Он аккуратно двумя пальцами принял шелкопряда из её рук и тоже поднёс к губам.
– Ага, пахнет шелковицей! – блаженно произнёс Аркашка. – Назовём его Мусей.
– Муузяаа! – попробовала на вкус это имя Лида и снова задрала верхнюю губу в лошадином смехе.
Мусю опустили на свежий лист, он деловито прикрепился задним своим концом к поверхности и изогнулся подковой.
– Сейчас начнётся, – произнёс Аркашка, и они замерли, словно перед титрами трофейного фильма в городском кинотеатре.
Шелкопряд вгрызся в край листа и методично, с точностью ювелира, начал обкусывать зелёную плоть, оставляя за собой волнистую дугообразную линию.
– Кушает, – с замиранием сердца произнесла Лида.
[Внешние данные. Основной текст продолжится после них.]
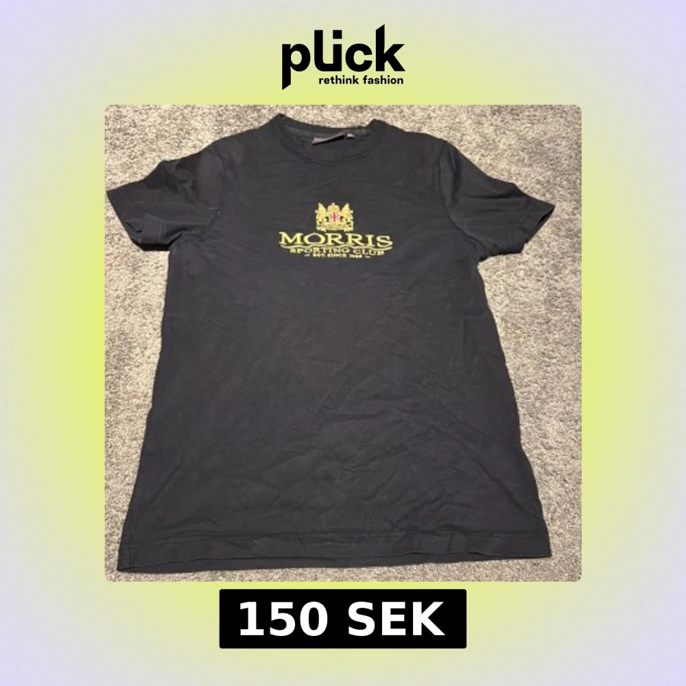 Mörkblå t-shirt från Morris Sporting Club i storlek XS. Klassisk rund hals och korta ärmar. Framsidan har ett gult tryck med Morris logga och emblem. Mjuk och skön bomull som passar perfekt till jeans eller shorts. Snygg och enkel design med stilren vibe.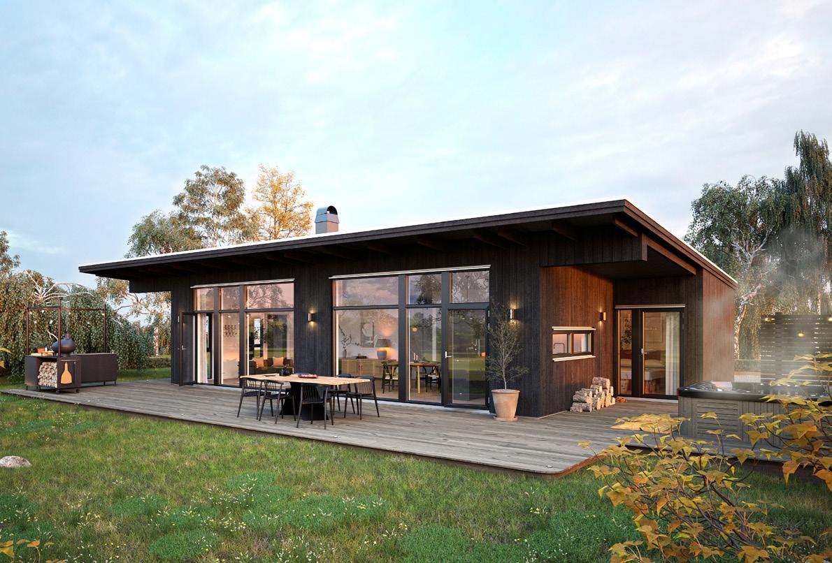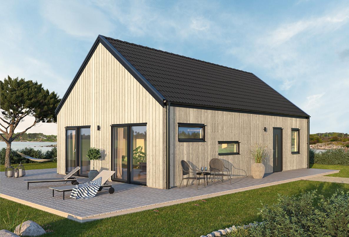 Huset erbjuder en perfekt kombination av form och funktion. Det är stora sociala ytor i kök och vardagsrum och det är plats för tre sovrum samt ett badrum och en WC.Fritidshuset har ett modernt uttryck där även taket går ut en del över uteplatsen vilket skapar en härlig känsla och en förlängning av vardagsrum och kök.

– Хрумкает, – подтвердил Аркашка.
Они соединились лбами над коробкой шелкопрядов, и Аркашке в нос ударил Лидкин запах – странный, чуть сладкий, чуть солёный, животный, не приятный, но и не противный. Запах исходил от её грудей, подмышек и вечно влажных кипенно-белых ладошек. Они уже два года вместе выращивали шелкопрядов, наблюдали, сидя голова к голове, весь цикл их земного существования, и когда червяки, впав в нирвану, наматывали вокруг себя космический кокон, относили их на фабрику и получали вознаграждение. Как эти деньги делились между Лидкой и мамой, Аркашка наверняка не знал. Возможно, мама брала их себе и покупала «мишигине» новое платье или кастрюлю, потому что Лидка точно бы постирала купюры в тазу или отдала в окно подросткам за кружку пива. В любом случае поход на фабрику был для неё событием, и она долго потом вспоминала и рассказывала всем, как «вот этими ручками заработала себе копеечку».
– Скоро оденутся мои хорошие в белые одежды, получим денежку, куплю себе новое платье и выйду замуж за принца! – размечталась Лидка.
– А принц-то есть у тебя? – спросил Аркашка.
– Есть. Он мне колечко подарит, на море увезёт. И убьёт драгона. – Лидка любила заменять глухие согласные звонкими, за счёт чего её речь будто переливалась колокольчиками.
– Сама придумала? – уточнил Гинзбург.
– Он сказал. Он умный. Добрый. Я верю ему.
– Когда же ты с ним познакомиться успела?
– Не разгажешь никому?
– Зуб даю. Никто ничего не узнает. – Аркашка нетерпеливо дёрнул Лиду за юбку.
– Он ходит ко мне в окно ночью, – прошептала она на ухо, – и носит мороженое. Он любит меня.
Аркашка замер на месте. Он сидел некоторое время, пытаясь понять, зачем ему эта информация и как на неё реагировать. Тишина вокруг была такой всеобъемлющей, что слышалось, как Муся и ему подобные поглощают листья тутовника.